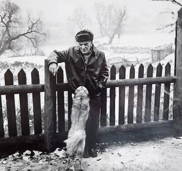 Писатель Константин Паустовский и его собака Грозный, 1962 год
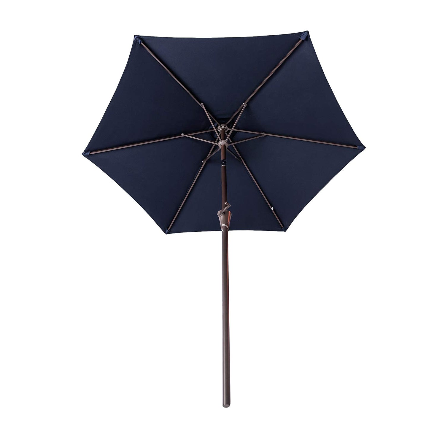 FLAME&SHADE 7.5 ft Outdoor Market Patio Table Umbrella with Tilt, Navy Blue
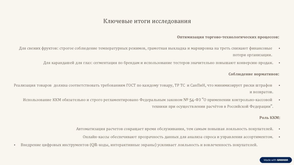 Ключевые итоги исследованияОптимизация торгово-технологических процессов:
□ □ □ □
Please retype the data exactly as it appears, but without any of its pictures.

 Писатель Константин Паустовский и его собака Грозный, 1962 год
 FLAME&SHADE 7.5 ft Outdoor Market Patio Table Umbrella with Tilt, Navy Blue
 Ключевые итоги исследованияОптимизация торгово-технологических процессов:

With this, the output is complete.